« The Killer » de David Fincher sur Netflix, un film loin d’être aussi ennuyeux que la routine de son héros
NETFLIX - Trois ans après Mank, son ovni en noir et blanc, David Fincher est de retour avec un nouveau long-métrage jouissif The Killer, disponible sur Netflix depuis le 10 novembre. Pour incarner son protagoniste, David Fincher voulait Michael Fassbender, et personne d’autre. Seul hic, le comédien de la saga X Men, Shame et Hunger est, depuis 2017, devenu pilote automobile. Mais le réalisateur s’est montré persuasif et patient, et le résultat de cette collaboration est explosif.

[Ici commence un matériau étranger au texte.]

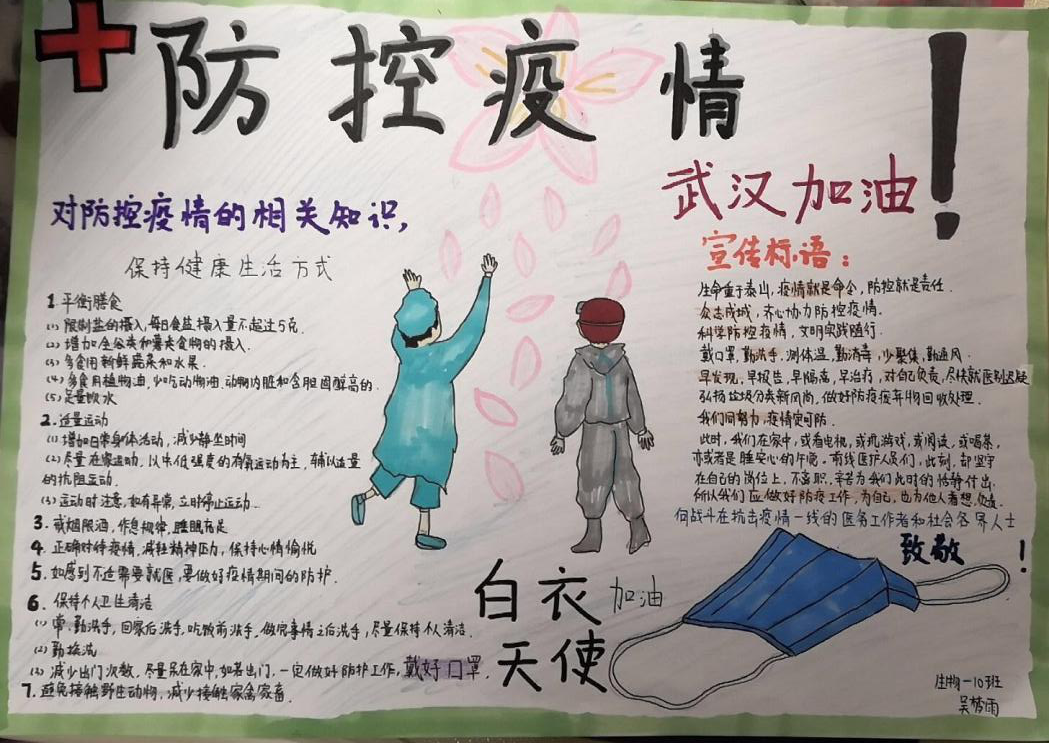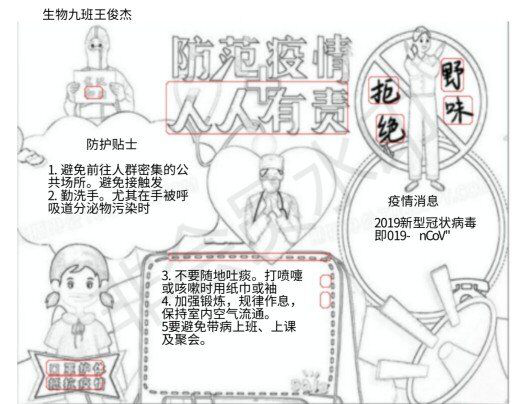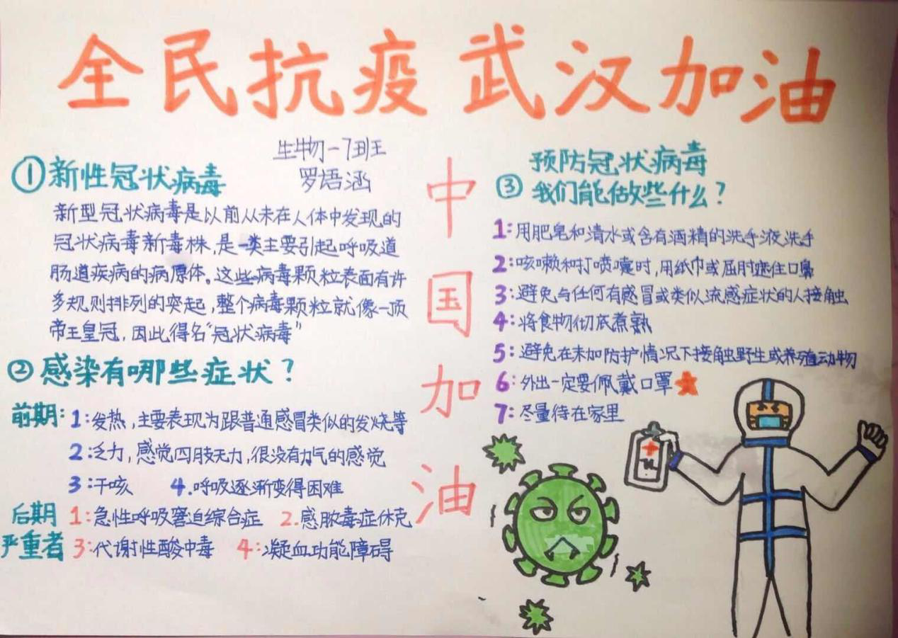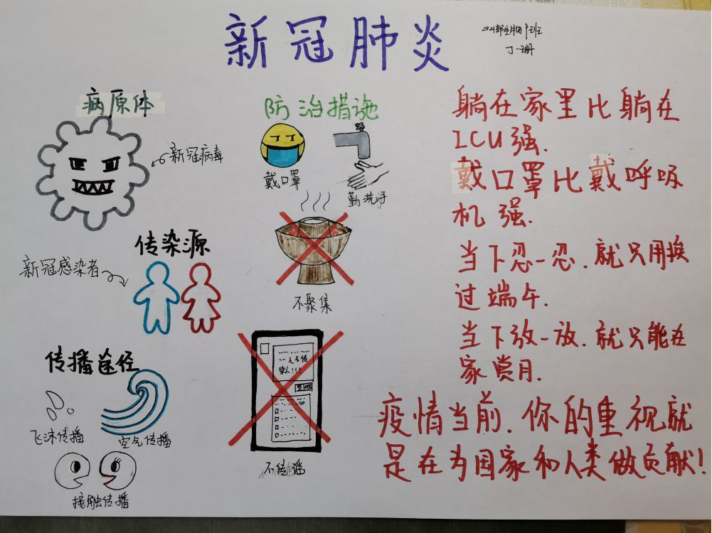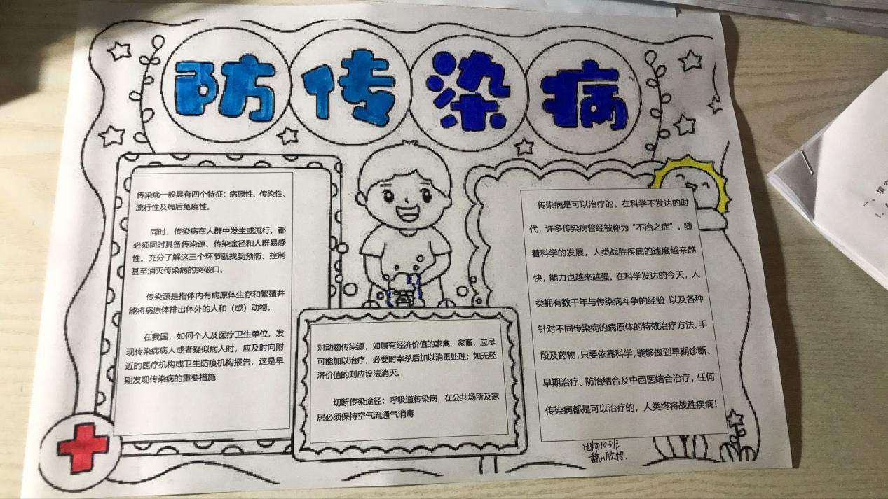 什么是传染病?什么是病原体?本次传播疾病的新型冠状病毒又是何方神圣?此病毒想要侵害人体需要突破哪些人体防卫关卡?在停课不停学期间,泡桐树中学生物组精心准备了以“新冠肺炎传染病”为主题的课程,内容包括:病原体与传染病、人体防控疾病的三道防线、特异性免疫与非特异性免疫等,并以水痘、流感、新型冠状病毒等学生耳熟能详的疾病或病原体为例,使课堂贴近生活并富有吸引力。课程完成后,学生们制作了关于“传染病防控”的宣传小报,在自身学习了传染病相关知识的基础上,结合艺术和创造力宣传防护知识,以下是本校同学们的部分宣传作品:
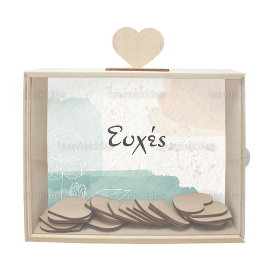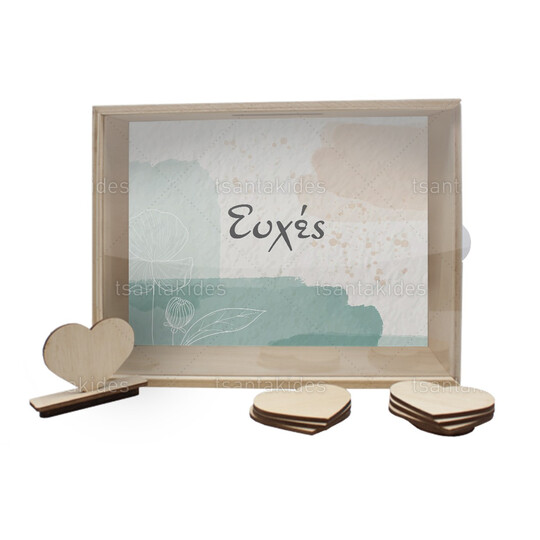 Ξύλινο κουτί ευχών γάμου εκτυπωμένο σε minimal ύφος με pastel χρωματισμούς

Le film est l’adaptation de la bande-dessinée intitulée Le Tueur des Français Matz et Luc Jacamon. Il met en scène un tueur à gages incarné par Michael Fassbender donc. Ce dernier est enfermé dans une routine répétitive et ennuyeuse qui est, d’après lui, garantie d’infaillibilité pour exceller dans ce milieu. Ce tueur, dont on ignore le nom, vit comme un ascète, pratiquant le yoga, les yeux fixés sur sa montre connectée et son pouls, confortablement vêtu de son costume de « touriste allemand » composé de bobs et de chemises hawaïennes.
Mais au détour d’un contrat comme un autre à Paris, le mécanisme parfaitement huilé s’enraye. Pour le tueur, c’est le début d’une épopée vengeresse à travers la planète. Un voyage qui le force à sortir de sa zone de confort. Pour lui, pour la première fois, les choses deviennent personnelles, même s’il s’efforce de le nier. Le spectateur, qui s’était enfoncé (confortablement) dans son canapé au début, se retrouve plaqué au dossier, tenu en haleine. Le tueur est obligé de sortir de sa routine et de son train-train presque ennuyeux, et nous embarque avec lui.
The Killer est construit en chapitres, garantissant au récit un rythme avec des respirations. Un pouls qui monte en pics et qui descend, comme celui du protagonniste. Lorsque le tueur se livre à un meurtre ou à un interrogatoire musclé, le public retient son souffle. Lorsqu’il se repose ou prend l’avion et qu’il retrouve sa routine rassurante (pour lui), le spectateur relâche brièvement la pression.
The Killer : un thriller noir teinté d’humour
La force de The Killer réside aussi dans cette alternance de séquences très différentes aux rythmes décousus, et de scènes de calme. Lorsque le tueur se parle à lui-même, c’est nous qu’il vient un peu apaiser.
De fait, Michael Fassbender n’ouvre quasiment pas la bouche pendant les 2 heures que dure le long métrage, mais sa voix est omniprésente. The Killer nous plonge dans ses pensées, ses obsessions, ses manies. Un monologue intérieur entrecoupé de chansons entêtantes du groupe The Smiths. David Fincher est un amoureux de musique qui apporte toujours une importance primordiale au son dans ses films, The Killer ne fait pas exception à la règle. Nuque qui craque, bruit d’un pistolet à clous, porte qui grince, tout est prétexte à grimacer.
Enfin, The Killer n’est pas qu’un thriller haletant. Le film est plein d’humour noir et de clins d’œil. Mention spéciale au monologue de Tilda Swinton qui devrait faire beaucoup rire à la machine à café. David Fincher ne se prive pas non plus pour pointer du doigt une faille de notre société selon lui : l’hyper-connectivité. Le tueur parvient à ses fins souvent grâce aux technologies censées, en principe, nous protéger.
Dans ce nouveau film, David Fincher revient aux essentiels de sa filmographie, aux éléments qui ont fait de Fight Club, The Game ou Seven des films cultes. Et c’est profondément réjouissant. Avec The Killer, le contrat est parfaitement rempli.